Youth Development, Indigenisation and Empowerment minister Saviour Kasukuwere on Friday cancelled the operating licence of Caledonia Holdings which owns Blanket Mine after it failed to comply with indigenisation regulations.
Blanket Mine is based in Gwanda and extracts gold.
The company had been ordered to provide a final indigenisation implementation plan within seven days or face licence cancellation.
According to sources, Caledonia alleged failed to provide a “satisfactory” empowerment plan to Kasukuwere.
Kasukuwere is empowered by law to cancel operating licences of companies that fail to comply with empowerment legislation seeking to cede 51% shareholding to locals.

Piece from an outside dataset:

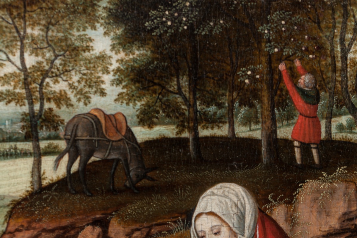 On notera au second plan l'iconographie relative au sujet de la fuite en Égypte. À droite, la chute des idoles: certaines représentations de la fuite en Égypte figurent une statue païenne tombée de son piédestal et brisée au passage du Christ enfant (Évangile du Pseudo-Matthieu). À gauche, la scène de la moisson miraculeuse: on y voit deux soldats demandant à des paysans en train de moissonner s'ils ont vu la Sainte-Famille.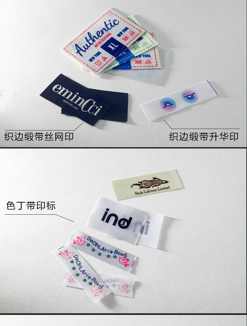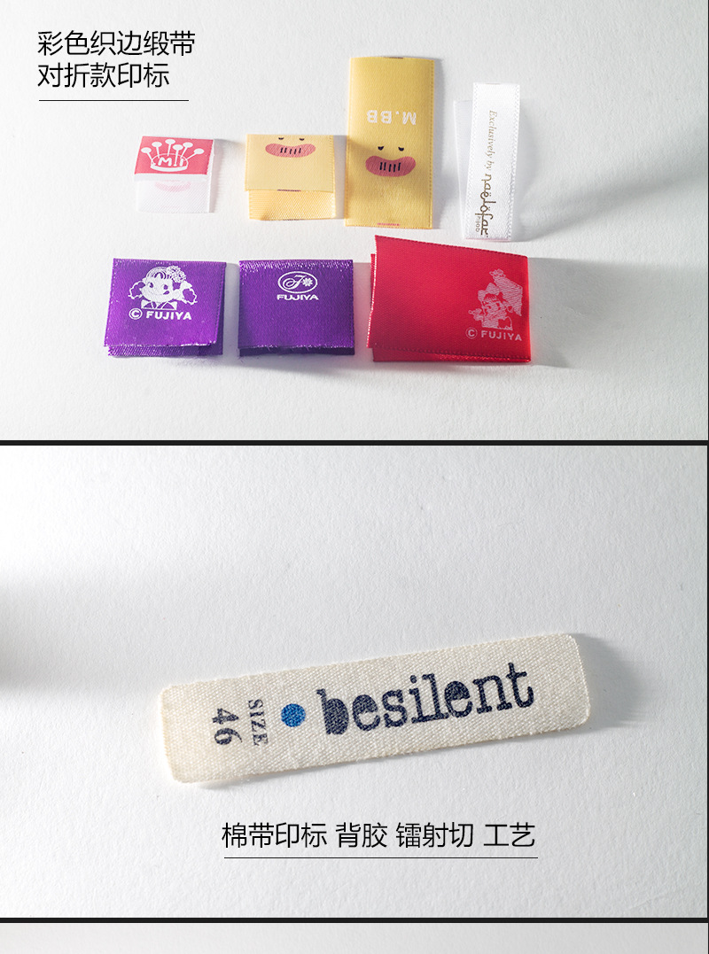 印嘜布標(biāo)的優(yōu)點:一是采用純棉帶與緞帶,材料天然環(huán)保,面料柔軟高檔不割手,是高檔服裝的首選;二是采用環(huán)保的油墨印刷,色彩得以完美展示,圖案及文字LOGO的顏色與形狀展現(xiàn)得淋漓盡致。三是采用現(xiàn)代高科技印刷機(jī)器配以本廠先進(jìn)的技術(shù),使得印刷的內(nèi)容色牢度也非常強(qiáng),可通過水洗,石磨都不會掉色。

The development comes after Barclays Bank, Standard Chartered, six mining companies and five other firms were given a two-week ultimatum to submit “acceptable” indigenisation plans or risk losing their operating licences.
Zimplats and Mimosa, Duration Gold Mine, Blanket Mine and Murowa Diamonds are some of the mining companies that could be affected.
British American Tobacco, Nestle Zimbabwe and cotton processor Cargil Zimbabwe are also affected.
Kasukuwere gave BAT and Nestle the order to comply or risk losing their licences.
Under the General Notice 114/2011 companies were supposed to submit indigenisation plans spelling out how they intended to meet 51% equity participation by locals within five years.